Volunteers make four visits per class, introducing a recipe — yogurt parfaits with pineapple and blueberries or veggies and dip, for example — each time.

'If you try it, you get a sticker'

The recipes use affordable, accessible ingredients that kids are unlikely to be eating already. All have fun names, like "Silly Dilly Dip," a practice proven to improve the odds that kids will try new foods, Ambroz said.

On salad-making day, volunteers aren't allowed to tell the kids they're eating spinach until the end, when the teacher samples it. That's because many kids automatically assume they won't like it, Ambroz said.

Having a positive attitude toward food — and not forcing kids to eat things — are important components, Ambroz said.

"Remember, you can try a little of it and throw it away," Busch instructed her class. "But if you try it, you get a sticker."

Mary Beth Wehrman volunteered with the program last year, when her youngest was a first-grader, and continued this year. "I love that it's called Food Explorers because that's what explorers do — they touch, feel and taste," she said.

Several weeks ago, she brought in a whole pineapple, which many students had never seen.

Food Explorers is great, she said, because it exposes kids to so many different foods. When making meals at home, "You get in a rut where you only make certain things," she said.

The program works because it puts kids in a different environment than they're usually in when eating. At school, it's their decision whether to try a food, she said.

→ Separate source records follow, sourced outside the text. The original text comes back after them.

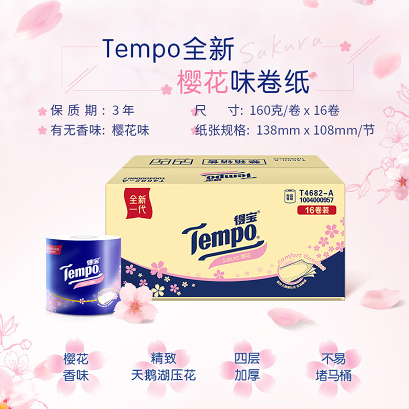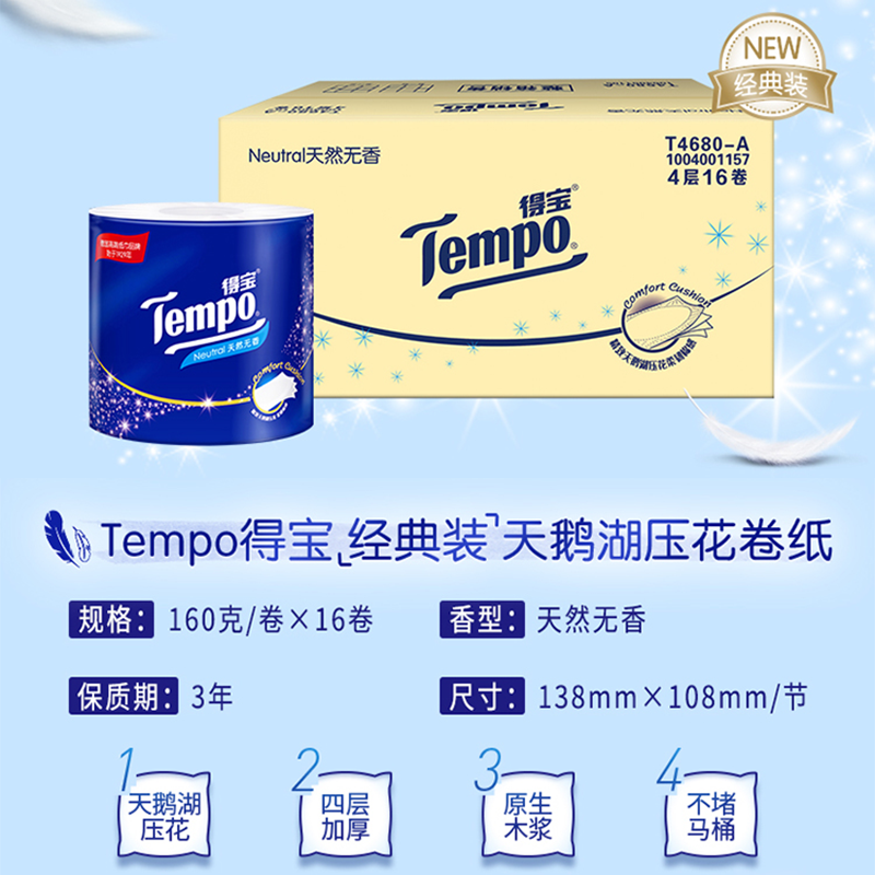【下拉享优惠】得宝卷纸无香有芯压花4层厕纸卫生纸160g*32卷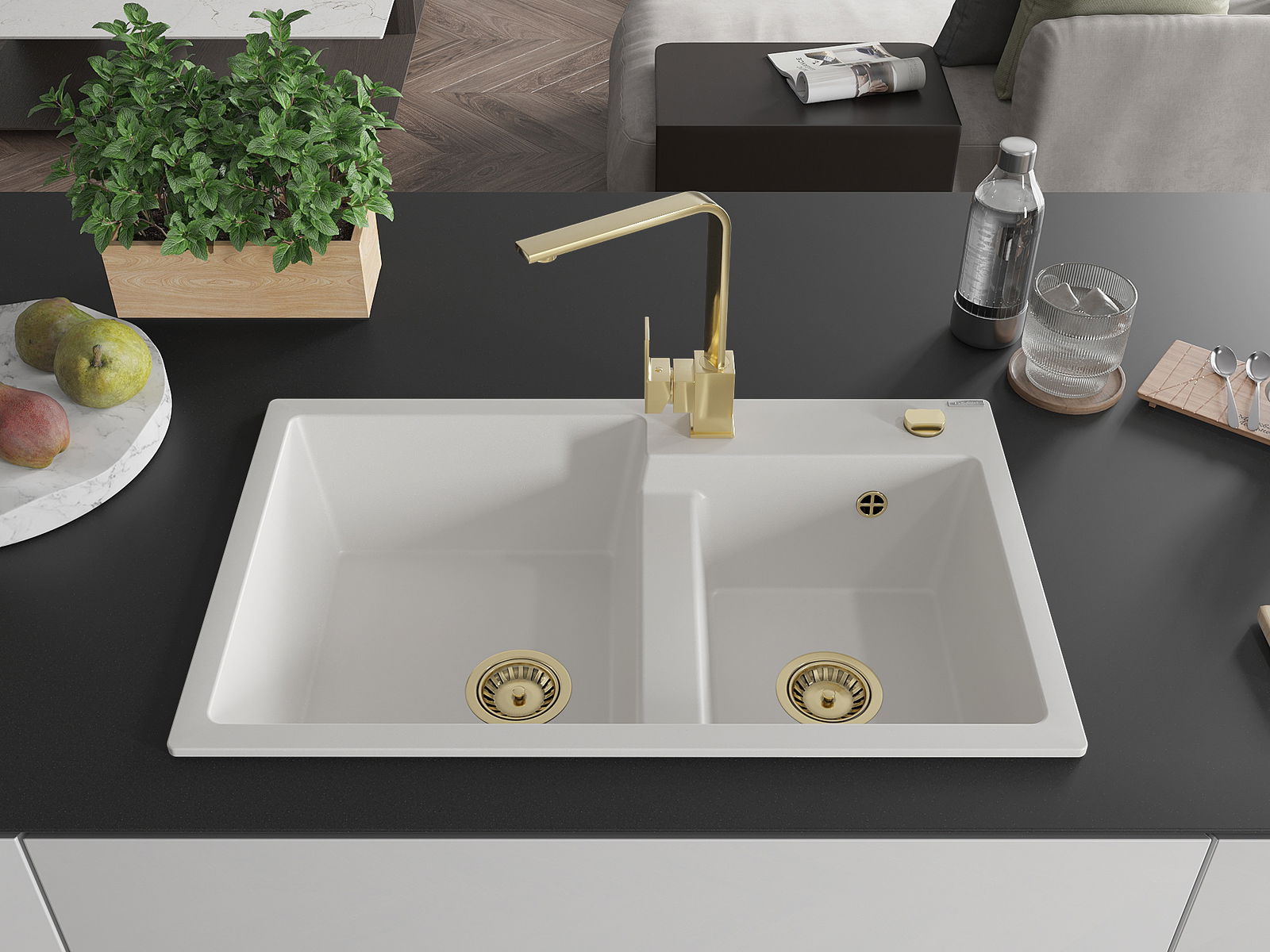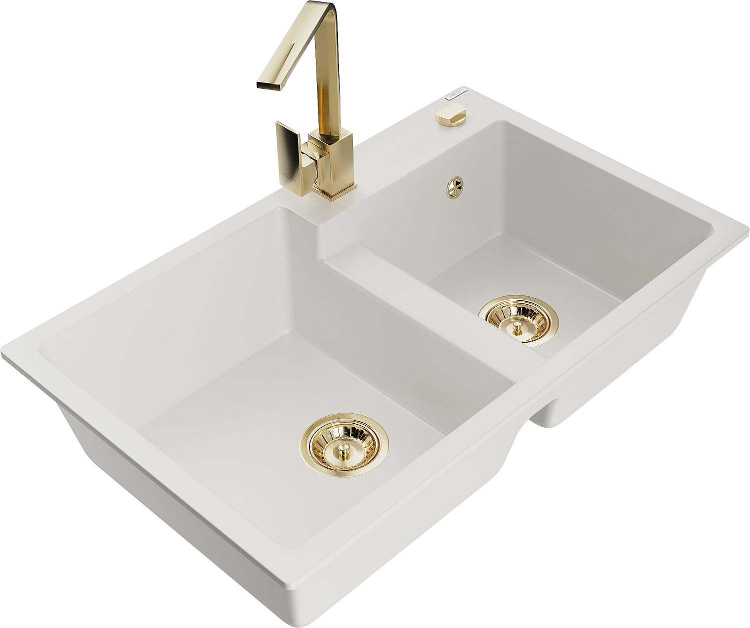 Mexen Tomas žulový dvojkomorový drez s kuchynskou batériou Rita, biela - 6516-20-670300-50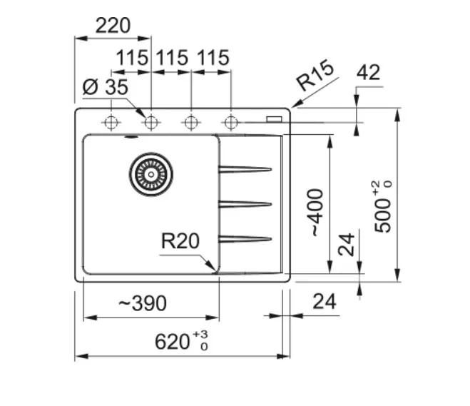 Мийка кухонна Franke Centro, фраграніт, прямокутник, з крилом, 620х500х200мм, чаша - 1, врізна, CNG 611-62 TL, чорний матовий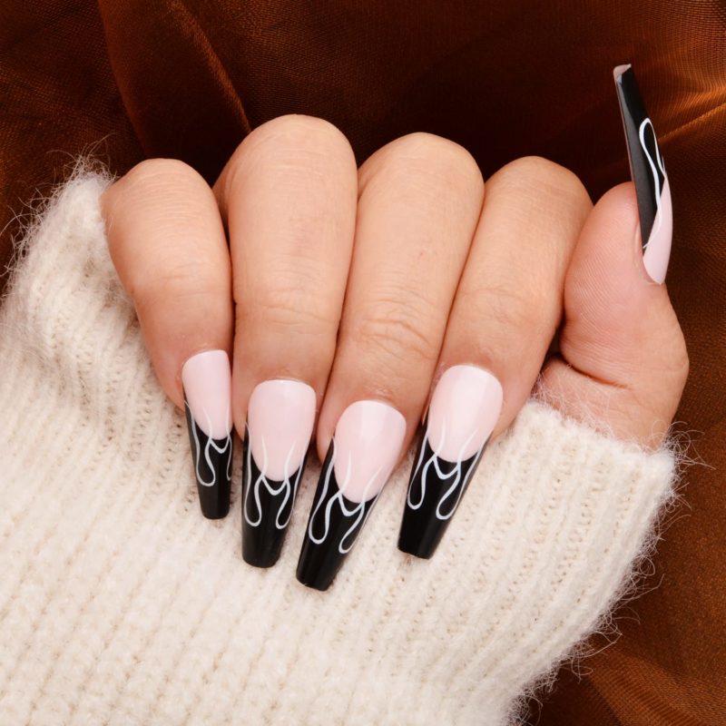 Черный френч на длинные ногти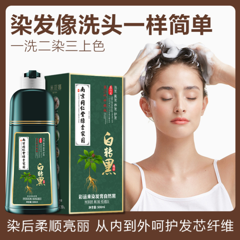 同仁堂一洗彩染毛剤植物正品天然シャンプー白髪泡無刺激クリーム一本黒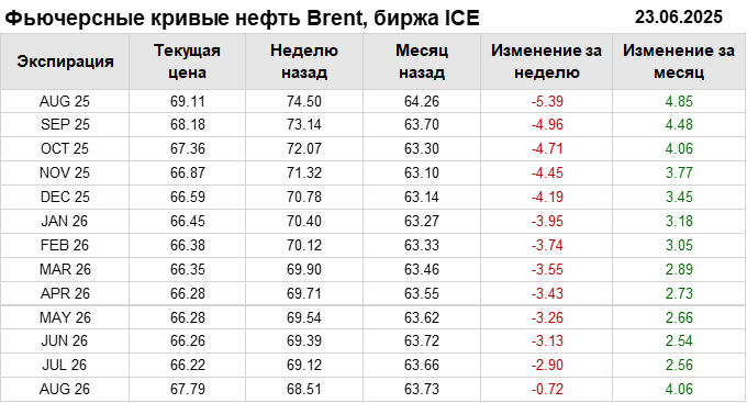 Нефть. Фьючерсные кривые на 23 июня 2025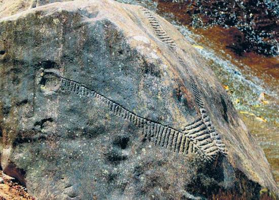 Mas o que chama mais atenção é uma grande pedra que fica a poucos metros do ponto de captação. Nela foi talhado um desenho que se assemelha à espinha de um peixe. Esse registro é considerado por arqueólogos como resquícios de gravuras rupestres.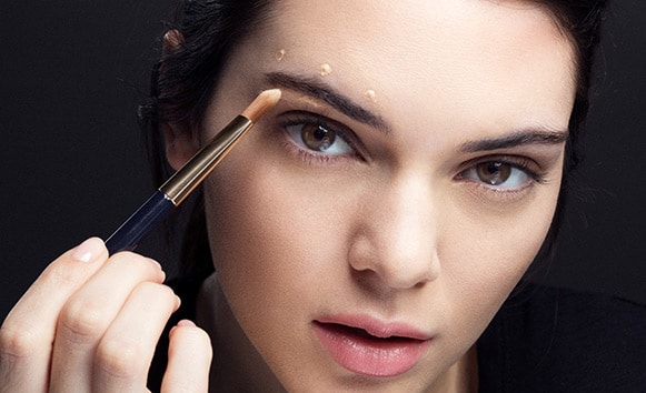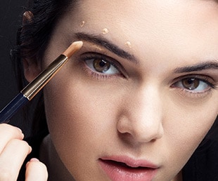 Place 3 highlighter dots above brows — at inner corner, arch peak and tail. Add more under and along browbone. Tap to blend.

First-grader Owen Swanson is "kind of picky at home. I'm less picky at school," he said. "I thought [the salad] was going to be icky, but it was yummy."

Food service manager Cheryl Rosa tries to offer some of the new items, including spinach and jicama, in the cafeteria. "If we start with our kids young, when they get to middle school, they're not going to say, 'Yuck,' " she said.

Red Pine Principal Gary Anger said the program fits well with his school's focus on health and wellness.

Access and exposure to fresh foods is important from an equity perspective, too, because poor nutrition contributes to health disparities between socioeconomic groups, he said. About 20 percent of Red Pine students receive free or reduced-price lunches, he said, and there are "real economic gaps in our school."

"[Food Explorers] has really made a huge difference. We firmly believe that healthy kids do better in school … and we've seen great results in our academics and behavior," he said.